A: Raita is a palate "cooling" type of relish usually accompanying Middle Eastern dishes. Raitas use plain yogurt as a base and may contain vegetables such as cucumbers and tomatoes. Often, mint is the herb used to flavor this side dish.
Q: Is it possible to make sun-dried tomatoes at home without relying on the sun?
A: Yes, sun-dried tomatoes can be made at home without sun and without too much trouble. Roma or plum tomatoes are recommended because they dry faster and have more meat. Slice tomatoes in half lengthwise and place on a rack to dry in a low-temperature oven (about 200 degrees) for seven hours or until leathery but still soft. Cool completely and store in a tightly sealed container in a cool dry place or place them in olive oil to cover.

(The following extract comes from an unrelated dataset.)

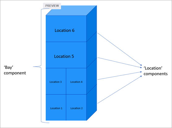 Cuando tenga componentes con diferentes dimensiones que desee utilizar repetidamente, puede crear cada componente una sola vez en Rebus. Consideremos el siguiente ejemplo de una bay con cuatro estantes y seis ubicaciones, donde las ubicaciones 5 y 6 son mayores que las ubicaciones 1 a 4. Para representar esto en Rebus, debe crear dos tipos de componentes con diferentes tamaños y utilizarlos repetidamente para crear el componente «Bay».

Q: Fresh spinach leaves seem to vary in the supermarkets from small and smooth to large and rippled. What is the difference?
A: Most of the variations you're noticing are differences in the age of the spinach plant when it was picked. Young spinach leaves are tiny and delicate, while the large rippled leaves are more mature and have a slightly bitter taste and woodier leaf.
Occasionally, however, you might see a variety of spinach called New Zealand spinach, which has a small flat ivy-shaped leaf and grows well in hot or cool climates.
Q: I am so confused about how to deal with pasta just after cooking. The experts all give different directions on whether or not it's necessary to rinse.
A: It is true that opinions vary in the draining and rinsing of pasta. Local cookbook author Marlene Sorosky has found a very workable solution. She likes to rinse the pasta to get rid of the starch so the pasta doesn't clump together. In order to keep the pasta hot, she always rinses with warm water. (She also makes a point of heating the pasta serving platter.)